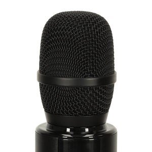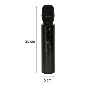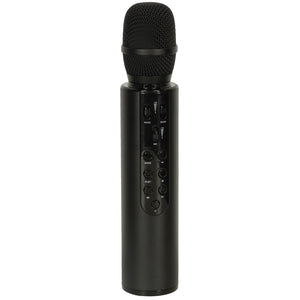 Melnais bezvadu karaoke mikrofons atbalsta populārus audio formātus, piemēram, MP3, WMA un WAV. Pateicoties darbības diapazonam līdz 10 metriem un Bluetooth tehnoloģijai, lietotājs var brīvi kustēties dziedāšanas laikā. Iebūvētais 2000 mAh akumulators nodrošina līdz pat 6 stundām nepārtrauktas darbības. Mikrofonam ir AUX ieeja un atmiņas kartes slots , kas palielina tā funkcionalitāti. Pogas uz korpusa ļauj viegli pielāgot iestatījumus un mainīt dziesmas. Komplektā ietilpst USB kabelis un 3,5 mm Jack kabelis.
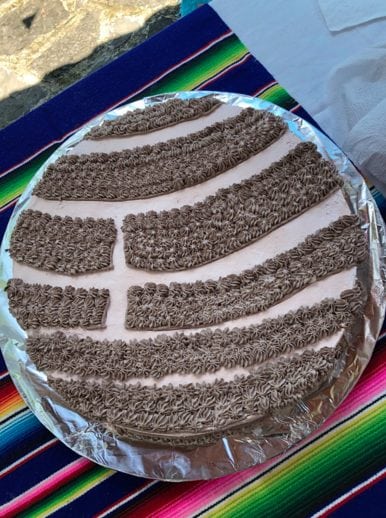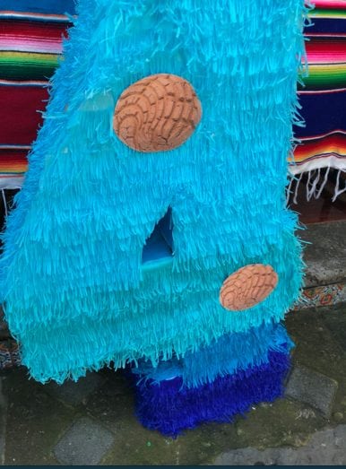 La mamá del niño puso manos a la obra y decoró su piñata con conchitas y le mandó hacer un ¡PASTEL DE CONCHA!.
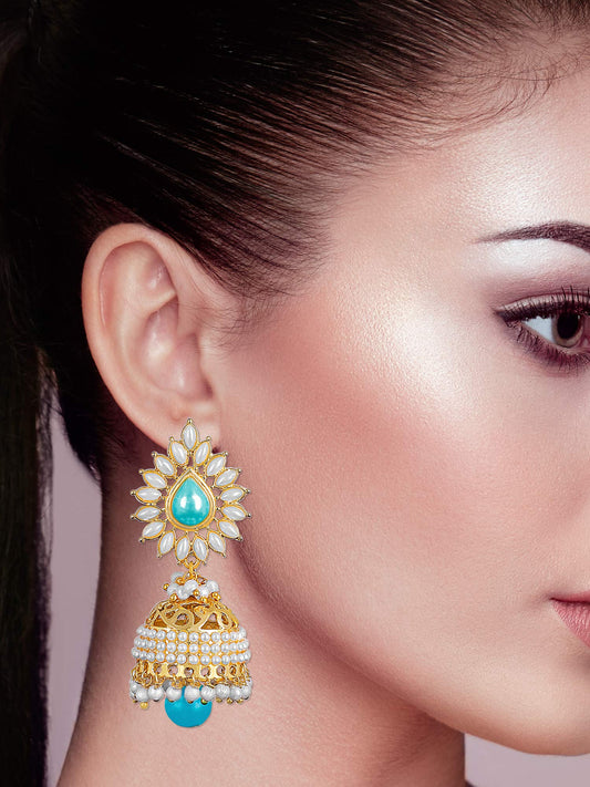 Bollywood Celebrity Party Wear Traditional Pearl Moti Jhumka/Jhumki Earrings for Women and Girls (Blue)
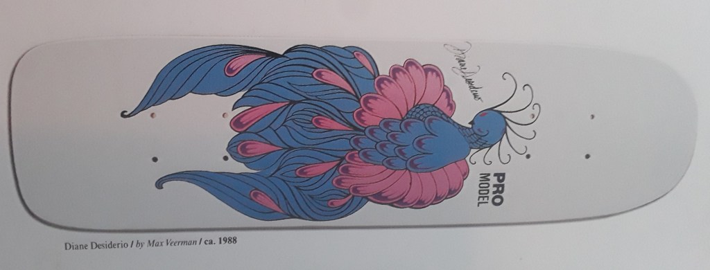 It was suggested that Diane was the only female pro skater in the world which appeared to be true in the mid-1980s until 1988 when Stephanie Person became fully sponsored, competing, and touring over in Europe. Sue Hazel was also at the top of her game in both freestyle and vert, but without a pro board. Based on Sean Cliver’s book, The Disposable Skateboard Bible (2009) on p. 327, Max Veerman designed Diane’s freestyle pro model with a cool peacock design circa 1988.
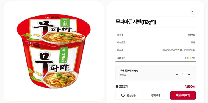 ▲ 농심 자사몰에서 판매 중인 무파마 큰사발 112g [농심몰 캡처] |
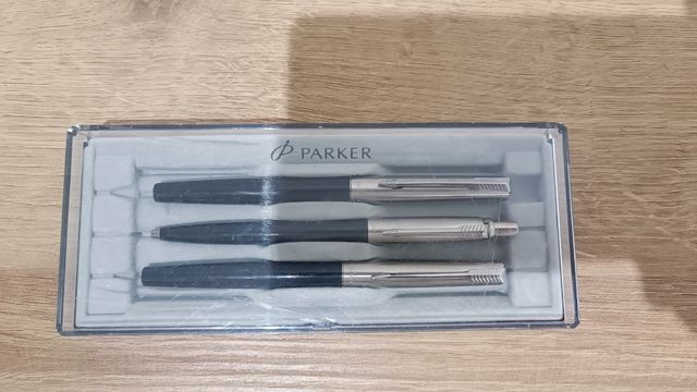 Set de dos bolígrafos y una pluma de la marca Parker. - Incluye dos bolígrafos y una pluma - Diseño elegante en color negro y plateado.
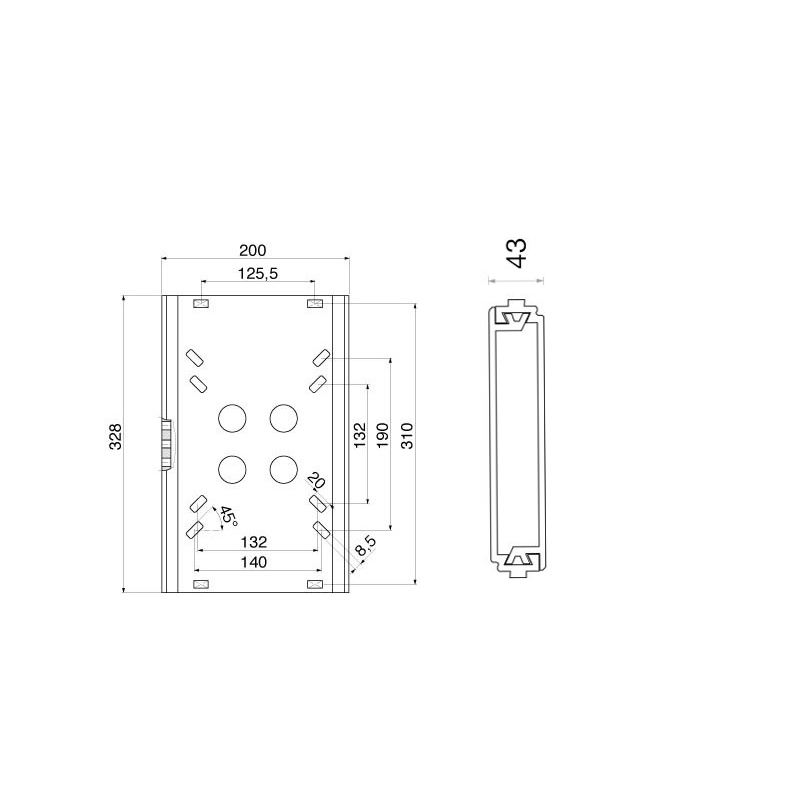 Guida scorrevole in lega leggera mm. 200x330 per art. 6363315/20/23.Si adatta alle scocche art. 6363290/93.
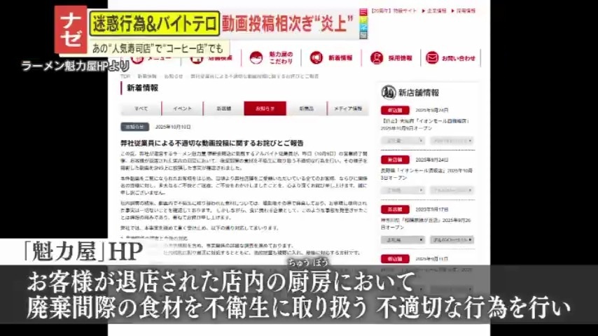 動画が撮影されたのは、1年半~2年ほど前で、それが最近SNSに投稿され、拡散したものと見られています。当該のアルバイト従業員はすでに退職しているということです。
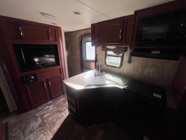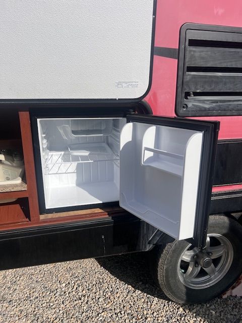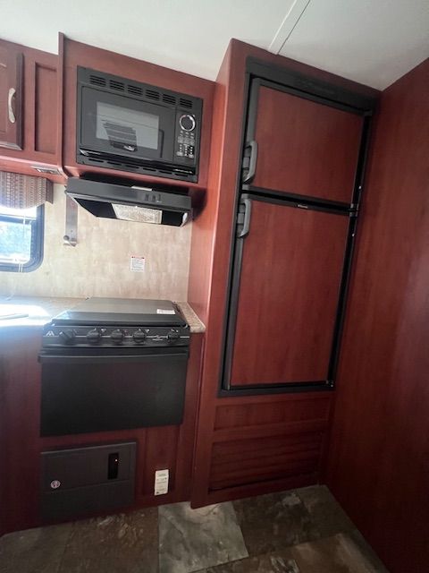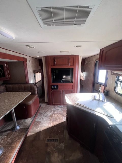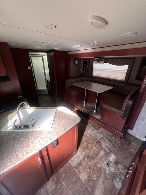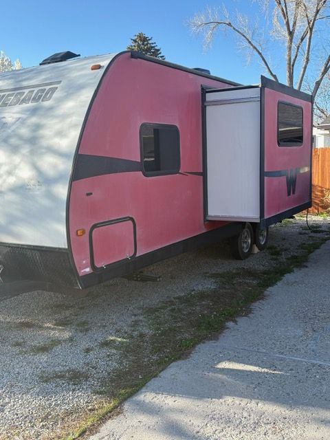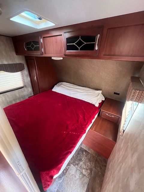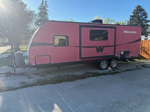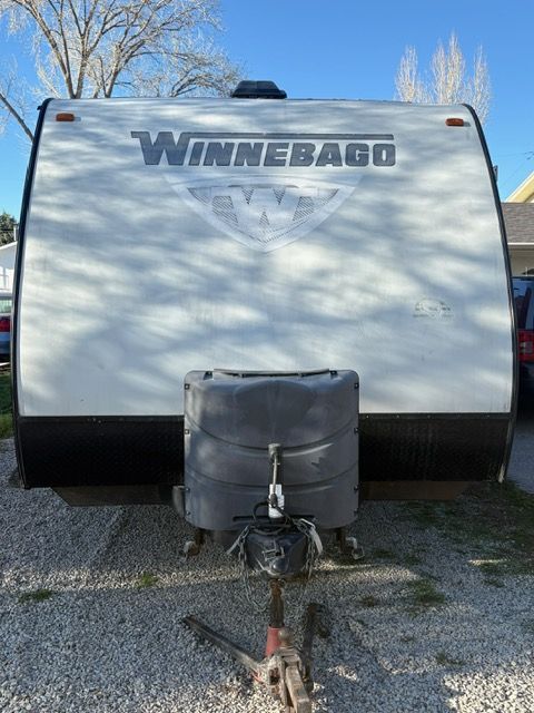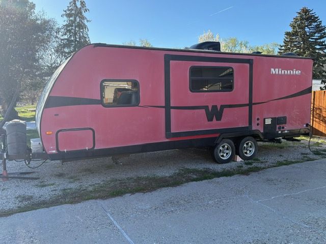 ZelleThe 2015 Winnebago Minnie 2201DS is a lightweight, 26' 9" travel trailer with one slide-out, designed to sleep 4 people, weighing approximately 4,820–5,535 lbs dry. Key features include a U-shaped dinette, queen bed, 43-gallon fresh water tank, and a 25-gallon black/gray tank capacity, typically featuring a 13,500 BTU AC unit.
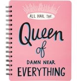 A pink spiral notebook with a cover that reads 'All hail the Queen of Damn Near Everything' in black and blue text. The notebook has a crown design at the top of the cover. | Queen Of Everything Notebook | 2c6fb687442363e19a5838926fa6be332da4edab3440a4bb129a395ef3a5f0f2 | 000720957514 | 0 | 0 | 34 | 4 | 0 | 0 | |
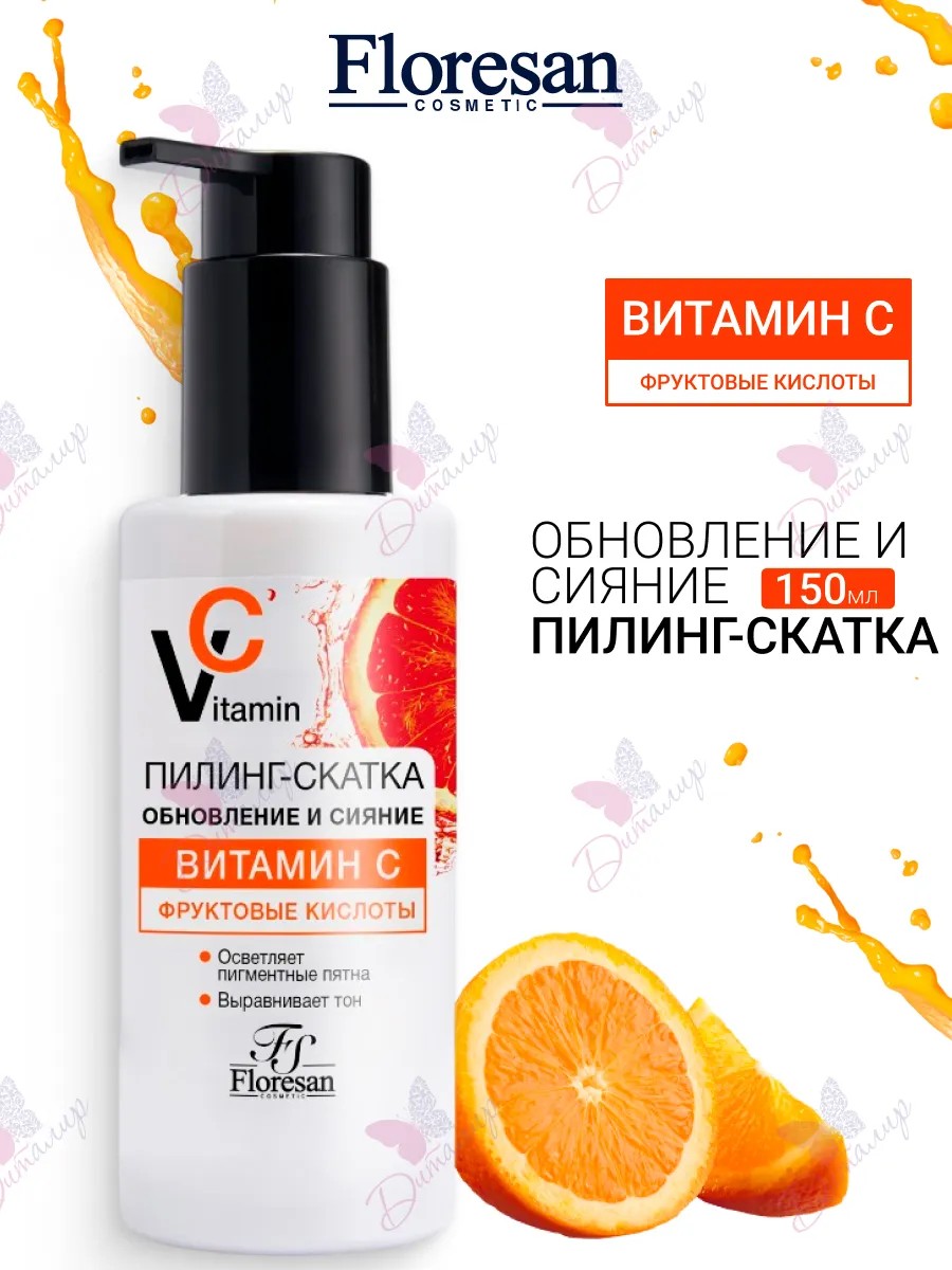 Усиливающая сияние и ровный тон кожи пилинг-скатка с фруктовыми кислотами и витамином С, эффективно устраняет шелушения кожи, очищает кожу от загрязнений, излишков кожного жира и ороговевших клеток эпидермиса, очищая поры и предотвращая появление черных точек. Витамин С восстанавливает защитную функцию кожи, оказывает тонизирующий эффект, предотвращая дряблость кожи, защищает от вредного воздействия свободных радикалов, корректирует признаки старения.

= = = =

### [ASSIGNMENT]
With every picture omitted, write out the material exactly from its first line through the line containing "Bollywood Celebrity Party".

### [RESPONSE TO THE TASK]
 Melnais bezvadu karaoke mikrofons atbalsta populārus audio formātus, piemēram, MP3, WMA un WAV. Pateicoties darbības diapazonam līdz 10 metriem un Bluetooth tehnoloģijai, lietotājs var brīvi kustēties dziedāšanas laikā. Iebūvētais 2000 mAh akumulators nodrošina līdz pat 6 stundām nepārtrauktas darbības. Mikrofonam ir AUX ieeja un atmiņas kartes slots , kas palielina tā funkcionalitāti. Pogas uz korpusa ļauj viegli pielāgot iestatījumus un mainīt dziesmas. Komplektā ietilpst USB kabelis un 3,5 mm Jack kabelis.
 La mamá del niño puso manos a la obra y decoró su piñata con conchitas y le mandó hacer un ¡PASTEL DE CONCHA!.
 Bollywood Celebrity Party Wear Traditional Pearl Moti Jhumka/Jhumki Earrings for Women and Girls (Blue)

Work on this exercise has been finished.